How do I ADHD
June 2, 2015 9:55 AM   Subscribe

So it seems I have ADHD. 1. Yay, this explains so much! 2. Oh geez, what do I do now?

So: I have a therapist and a psychiatrist. Just a few weeks ago, after discussing it with my therapist and then talking to my psych, we all decided that very likely I had untreated ADHD, and I went onto Adderall. (I am 27, female.)

And IT IS AMAZING. But also I am realizing, having read up a little more on ADHD, that it is really really not a panacea and that, instead, what it will do is make it easier for me to make things happen for myself - but I still have to start the process. So for example, since I've been on it, I have gotten a lot of work done when I decided to do it, but I have also continued to fuck around online a lot, just like, with incredible efficiency. And I sat down and paid all my bills in one go without getting distracted midway, practically a first... but not after still letting them sit around and almost get past due. Etc.

So now, what I need to do is work out some systems and methods for myself for managing my daily life.

I am really excited to do this, because having a diagnosis makes me feel like it is actually ok to need these things. Organizing my life with lists and charts and methods is something I have tried to do a lot in the past, before I thought there was something diagnostically wrong with me. But I was embarrassed that I needed these things, I sort of felt like they made me look crazy, so I would hide them and try not to rely on them and not follow them for more than a week or two at a time, even when they were really helping me.

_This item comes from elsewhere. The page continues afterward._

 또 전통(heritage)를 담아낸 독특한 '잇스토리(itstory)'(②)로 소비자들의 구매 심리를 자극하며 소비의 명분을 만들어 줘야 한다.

Reading up on ADHD made me tear up, because all these people were discussing these things where I thought I was the only person on earth who did them. Like checklists for mundane daily life activities that I always thought I should just be able to do without even thinking. I would always worry about hiding such lists, thinking "oh god no they'll think I'm gross and weird because I need a daily reminder to brush my teeth." But now I feel like I can just say "oh yeah, that, I have ADHD and it helps me focus." It's a revelation.

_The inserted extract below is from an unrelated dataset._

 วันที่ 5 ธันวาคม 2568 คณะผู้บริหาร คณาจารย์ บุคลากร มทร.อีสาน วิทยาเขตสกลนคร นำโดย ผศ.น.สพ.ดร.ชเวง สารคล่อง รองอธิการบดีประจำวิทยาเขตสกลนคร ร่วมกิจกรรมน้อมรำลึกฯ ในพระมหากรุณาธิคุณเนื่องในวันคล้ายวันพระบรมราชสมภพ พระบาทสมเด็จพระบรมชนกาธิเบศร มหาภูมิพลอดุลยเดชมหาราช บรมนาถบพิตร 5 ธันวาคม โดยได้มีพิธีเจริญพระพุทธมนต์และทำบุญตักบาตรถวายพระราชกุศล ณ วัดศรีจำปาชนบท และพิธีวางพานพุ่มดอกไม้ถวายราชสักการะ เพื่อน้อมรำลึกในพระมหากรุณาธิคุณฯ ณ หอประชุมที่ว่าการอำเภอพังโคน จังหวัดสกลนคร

So, to the actual question part:

My therapist, while she is good, doesn't seem to particularly be an expert on ADHD. That's fine, but I feel like I need more resources that can help me understand this better, and come up with ways to cope (or even thrive?) that will work in concert with the medication. Googling around gets me big lists of books and blogs, but I don't really know where to begin.

I'd love any advice on resources for dealing with adult ADHD, especially for people who figured it out relatively late, or any advice you guys can give me. Specific techniques are great. I don't really want anything mushy about how my brain is so special and different and magical.
posted by showbiz_liz to Health & Fitness (16 answers total) 45 users marked this as a favorite
 
I am a person who was diagnosed at 19, but had to go off of all ADD meds in my early thirties. Doing ADHD med-free has meant coming up with coping skills like whoa. So here are the things that help me:

1. Calendar and smartphone app. I put EVERYTHING on my Google calendar and I set reminders (sometimes a LOT of reminders) for things that need to get done. So my phone reminds me to take out the trash, pick up cat food, change out my contact lenses, you name it. I have an Android so I can just say "OK google, set calendar tomorrow noon grocery shopping". And it's on my calendar with a default 15-minute reminder. I set up weekly, monthly, yearly reminders for things that happen regularly. I review my calendar every morning so I know what I need to do that day and when. And then I'm reminded! Magical. ADD in the 21st century is seriously so much easier than ADD in the 20th century. Schedule even work tasks. So if you have to prep for a 3pm meeting from 2-3, you put it down. If you have a deliverable due next week that needs 10 hours of work this week, schedule those hours.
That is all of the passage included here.